Всё одни и те же увёртки.
– Да, и я хочу быть достойна! И наступающего времени, и своего положения! Но для этого я прежде должна выздороветь! А ты мне не помогаешь. Ты – устраняешь меня, лишь бы я только тебе не мешала.
– Но ты всё-таки сравни, – потерянно говорил он, – масштабы нашей семейной жизни – и тех событий, которые волочат нас всех за шиворот. И есть долги…
Алина воскликнула торжествующим голосом, потому что в поединке всегда одолевала его легко:
– Не говори мне о долге – ни перед тобой, ни перед Россией! Когда я люблю и меня любят – тогда я и делаю, тогда и признаю долг. А ты для своего долга – ты мной и жертвовал всегда. В нашей с тобой жизни никогда не были раскрыты мои лучшие возможности. В петле твоего долга и удушилась моя личность. Я – погибла! Я – погибла!…

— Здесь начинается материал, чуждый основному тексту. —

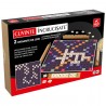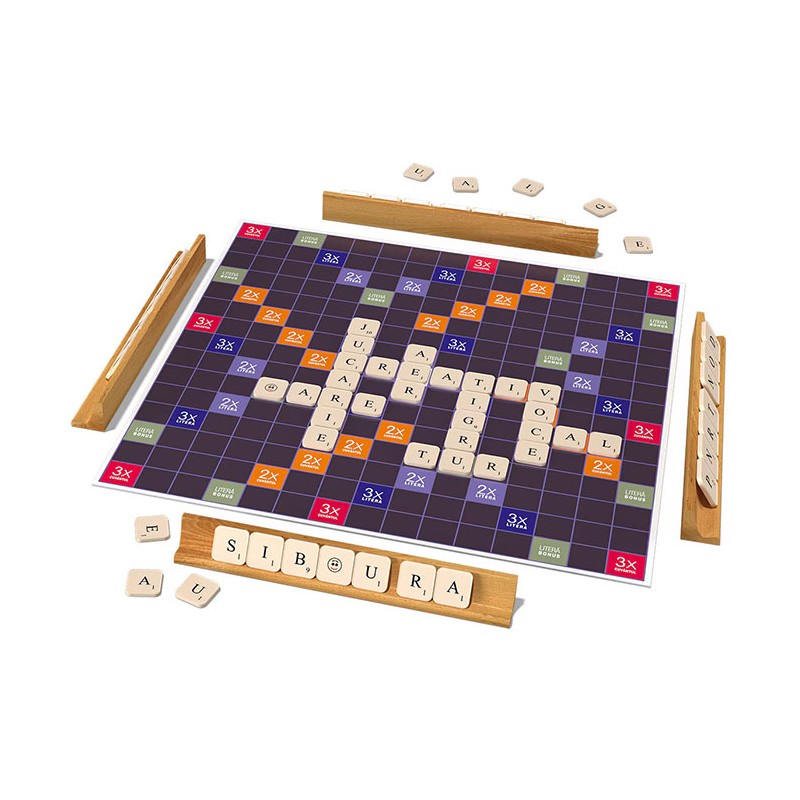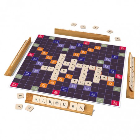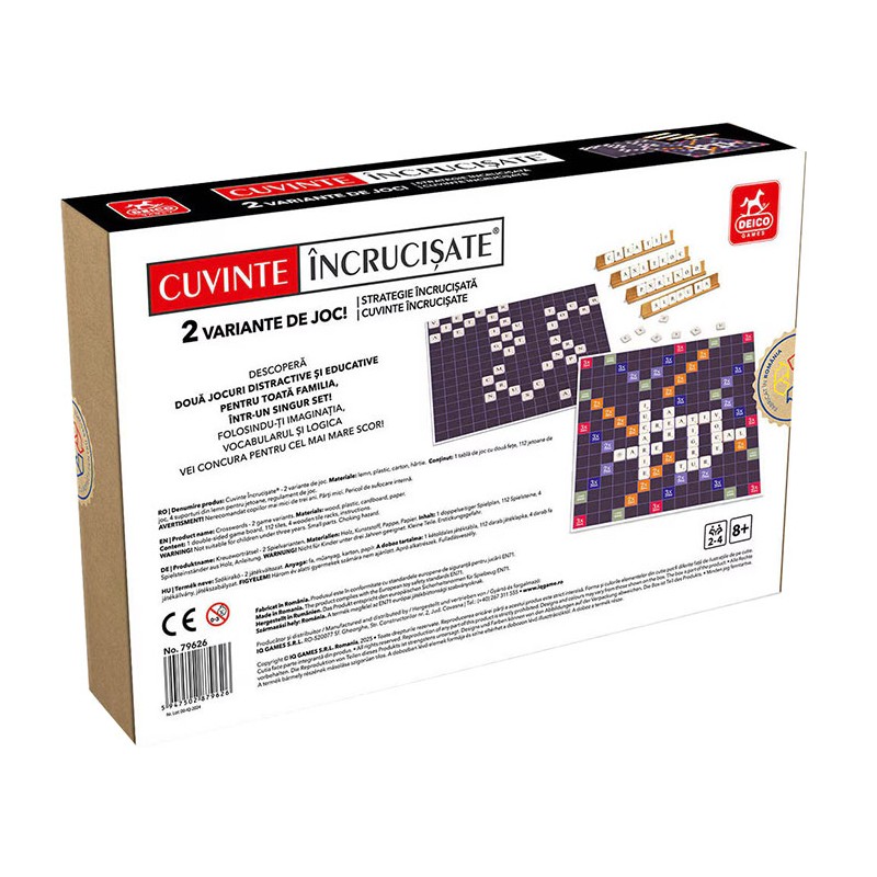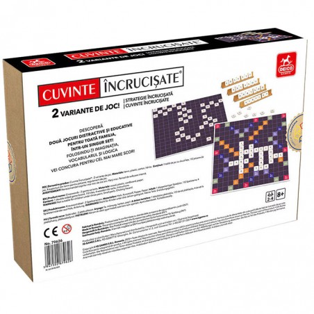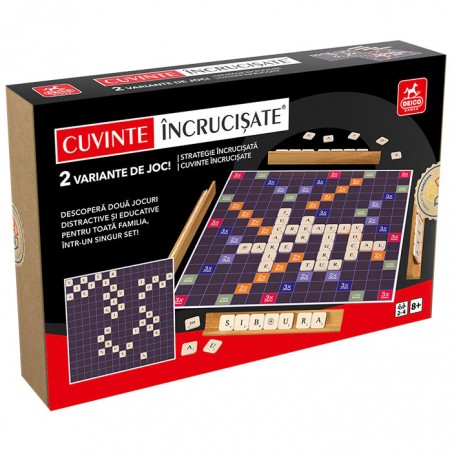 Joc de societate - Cuvinte incrucisate, doua variante de joc de cuvinte intr-un singur set, care iti vor pune la incercare atentia, spiritul de observatie si, nu in ultimul rand, vocabularul. Aceste jocuri vor oferi o distractie nemaipomenita pentru intreaga familie, in timp ce ajuta la dezvoltarea inteligentei, abilitatilor lingvistice si a gandirii logice si strategice. Cutia contine: o tabla de joc cu doua fete, 112 jetoane de joc inscrise cu literele alfabetului si anumite punctaje, 4 suporturi din lemn pentru jetoane si regulamentul de joc. Scopul jocului este de a castiga cat mai multe puncte prin plasarea pe tabla de joc a jetoanelor marcate cu litere, formand diverse cuvinte. Se pot forma cuvinte noi prin legarea cu cele asezate deja pe tabla. Intr-una dintre variante, pentru literele asezate pe campurile de rasplata, se primesc puncte bonus, in timp ce cealalta varianta nu are campuri de rasplata. Numar de jucatori: 2-4. Jocul este contraindicat copiilor mai mici de 3 ani. Se recomanda utilizarea produsului de catre copiii mai mari de 8 ani. Produsul poate fi curatat cu o carpa moale, uscata. Se recomanda ferirea produsului de umezeala si caldura excesiva. Produsul este fabricat in Romania in conformitate cu reglementarile EN71.

И почувствовала, как снова и гуще одевается во мрак.
44
Французскому послу Морису Палеологу прислали пригласительный билет на вечер 19-го в Михайловский театр.
За эти революционные недели упало в Петрограде значение обычных театральных спектаклей и обычных концертов высокой музыки: были и пустые места. Но возросла новая форма „концертов-митингов”, где кроме концерта предполагались речи видных деятелей: эти билеты шли нарасхват, а особенно если ожидалось выступление Керенского. Сегодня в Михайловском и был такой концерт-митинг – в пользу освобождённых политических ссыльных, и очевидно с участием Керенского, ибо главной устроительницей была его супруга Ольга Львовна.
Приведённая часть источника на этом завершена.